* GIVEN INFORMATION *
▼

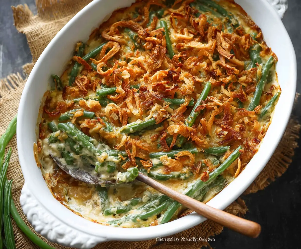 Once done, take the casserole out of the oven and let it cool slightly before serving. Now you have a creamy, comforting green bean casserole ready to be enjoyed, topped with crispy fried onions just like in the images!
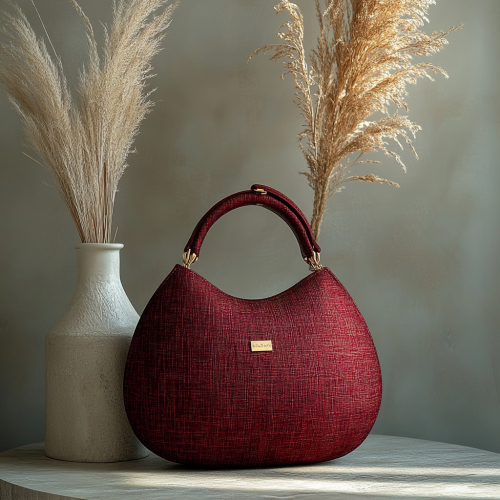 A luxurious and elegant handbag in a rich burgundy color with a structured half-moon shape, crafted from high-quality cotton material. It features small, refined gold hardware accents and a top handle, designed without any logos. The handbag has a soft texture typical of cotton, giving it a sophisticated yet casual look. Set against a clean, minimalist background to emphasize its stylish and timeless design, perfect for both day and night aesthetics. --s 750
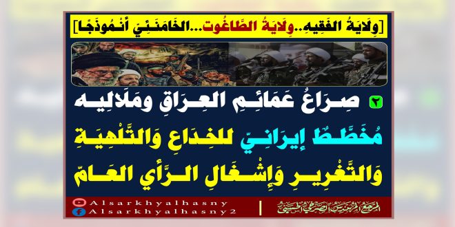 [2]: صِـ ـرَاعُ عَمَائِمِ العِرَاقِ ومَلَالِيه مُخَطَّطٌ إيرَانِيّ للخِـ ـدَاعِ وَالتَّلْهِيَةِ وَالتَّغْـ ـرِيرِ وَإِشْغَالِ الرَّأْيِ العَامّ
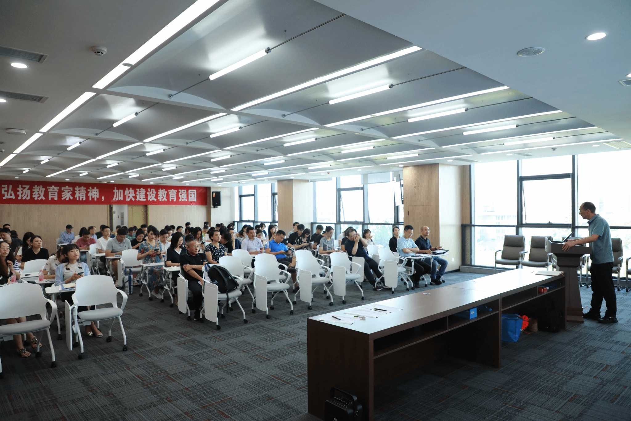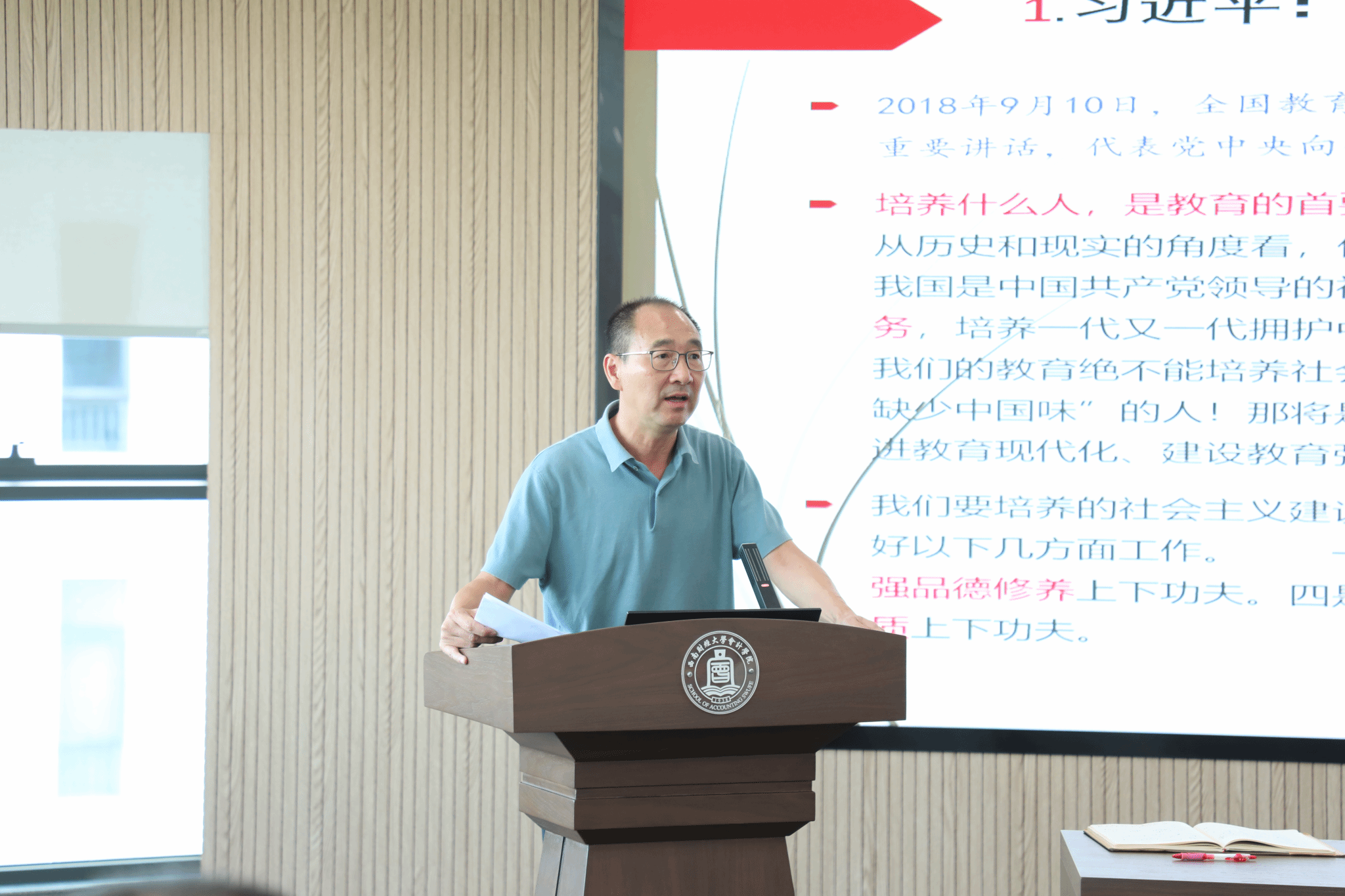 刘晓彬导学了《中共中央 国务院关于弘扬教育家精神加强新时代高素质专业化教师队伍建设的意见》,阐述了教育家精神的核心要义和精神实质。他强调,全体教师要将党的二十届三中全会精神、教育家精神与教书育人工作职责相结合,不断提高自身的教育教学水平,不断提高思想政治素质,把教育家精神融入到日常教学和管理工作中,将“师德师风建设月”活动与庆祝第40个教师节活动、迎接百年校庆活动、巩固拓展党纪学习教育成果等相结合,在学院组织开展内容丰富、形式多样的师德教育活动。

▲
▼

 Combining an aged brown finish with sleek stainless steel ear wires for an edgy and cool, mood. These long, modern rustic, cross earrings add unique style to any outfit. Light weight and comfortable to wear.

▲

* DIRECTIONS FOR THIS TASK *
From the material above, reproduce only what runs from the line holding "A luxurious and" down to the line holding "刘晓彬导学了《中共中央 国务", both included, pictures excluded.

* TASK SOLUTION *
 A luxurious and elegant handbag in a rich burgundy color with a structured half-moon shape, crafted from high-quality cotton material. It features small, refined gold hardware accents and a top handle, designed without any logos. The handbag has a soft texture typical of cotton, giving it a sophisticated yet casual look. Set against a clean, minimalist background to emphasize its stylish and timeless design, perfect for both day and night aesthetics. --s 750
 [2]: صِـ ـرَاعُ عَمَائِمِ العِرَاقِ ومَلَالِيه مُخَطَّطٌ إيرَانِيّ للخِـ ـدَاعِ وَالتَّلْهِيَةِ وَالتَّغْـ ـرِيرِ وَإِشْغَالِ الرَّأْيِ العَامّ
 刘晓彬导学了《中共中央 国务院关于弘扬教育家精神加强新时代高素质专业化教师队伍建设的意见》,阐述了教育家精神的核心要义和精神实质。他强调,全体教师要将党的二十届三中全会精神、教育家精神与教书育人工作职责相结合,不断提高自身的教育教学水平,不断提高思想政治素质,把教育家精神融入到日常教学和管理工作中,将“师德师风建设月”活动与庆祝第40个教师节活动、迎接百年校庆活动、巩固拓展党纪学习教育成果等相结合,在学院组织开展内容丰富、形式多样的师德教育活动。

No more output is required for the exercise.